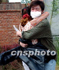 北京一位母親六月三日上午在小湯山戰(zhàn)地醫(yī)院門前,終于盼到患“非典”住院一個多月的兒子痊愈出院。母子激動擁抱,父親駕車等候身后,女友手捧鮮花站在旁邊。中新社記者:賈國榮
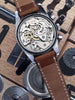 Strap: 19mm aged brown calf leather strap with hand-stitched sides; stainless steel tang buckle
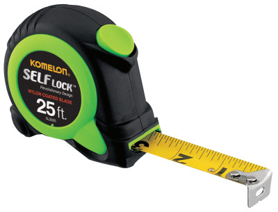 Self Lock Measuring Tape, 1 in x 25 ft, Green/Black
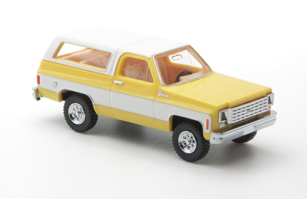 Im letzten Frühjahr rollten die ersten beiden Versionen des Chevrolet Blazer K5 zu den Fachhändlern. Nun legt WIKING beide Fahrgestellversionen nach. Sehr nah am Vorgängermodell kommt der Chevi mit Straßenfahrgestell daher. Statt Orange gibt es jetzt ein zeitgenössisches Zinkgelb, welches mit weißen Bauteilen und viel Chrom kombiniert wird. Also ein klassischer 1970er-Jahre Aufritt.
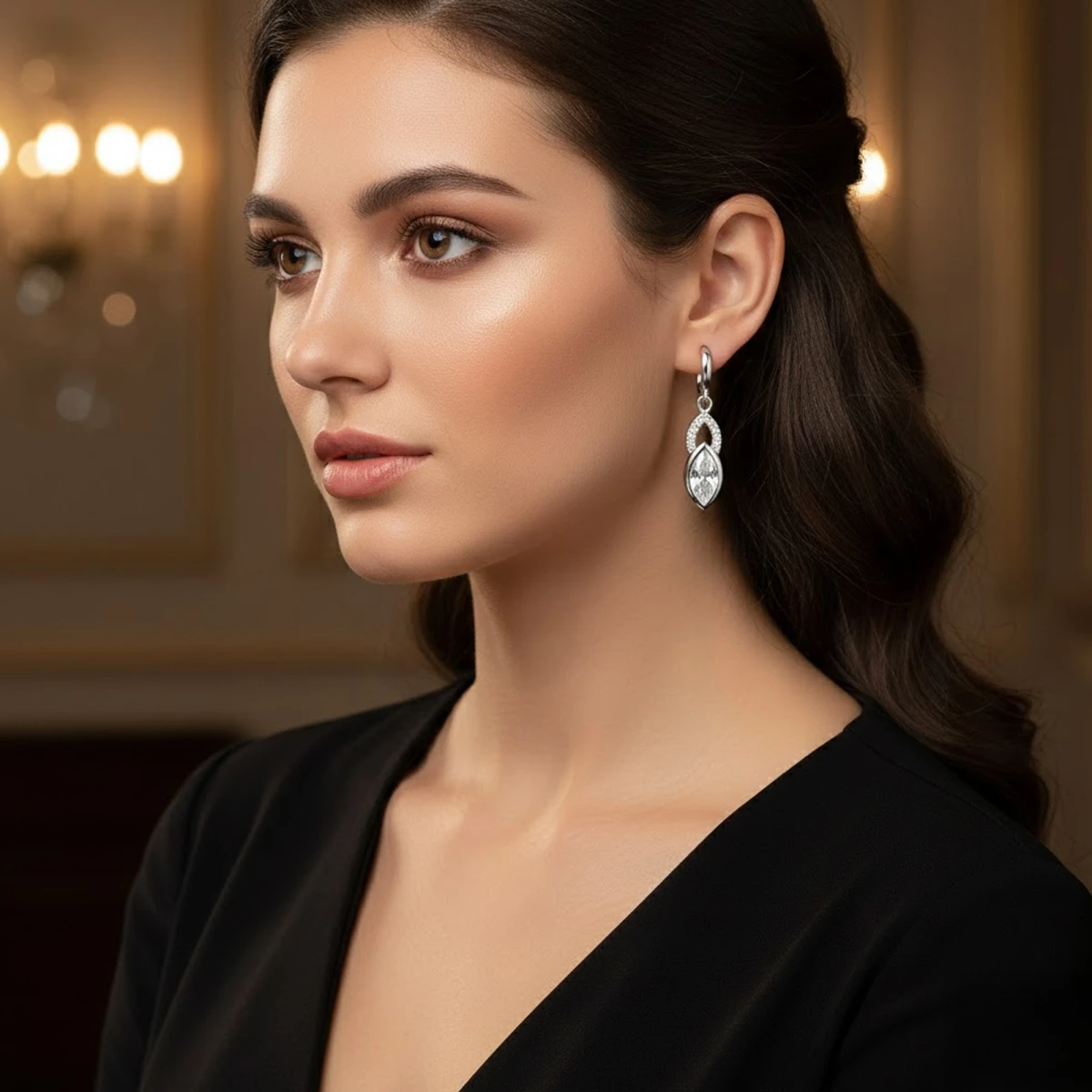 The Śrīkuṇḍala earrings are crafted from polished silver, featuring an elegant leaf-inspired design that exudes natural charm. A sparkling marquise-cut clear stone delicately dangles below, adding brilliance and movement. Perfect for enhancing both everyday elegance and special occasion looks.

- WORK ORDER: Begin at the first line of the data above and repeat each line exactly, stopping after the line containing "Self Lock Measuring". Omit the pictures.

- EXPECTED ANSWER:
 北京一位母親六月三日上午在小湯山戰(zhàn)地醫(yī)院門前,終于盼到患“非典”住院一個多月的兒子痊愈出院。母子激動擁抱,父親駕車等候身后,女友手捧鮮花站在旁邊。中新社記者:賈國榮
 Strap: 19mm aged brown calf leather strap with hand-stitched sides; stainless steel tang buckle
 Self Lock Measuring Tape, 1 in x 25 ft, Green/Black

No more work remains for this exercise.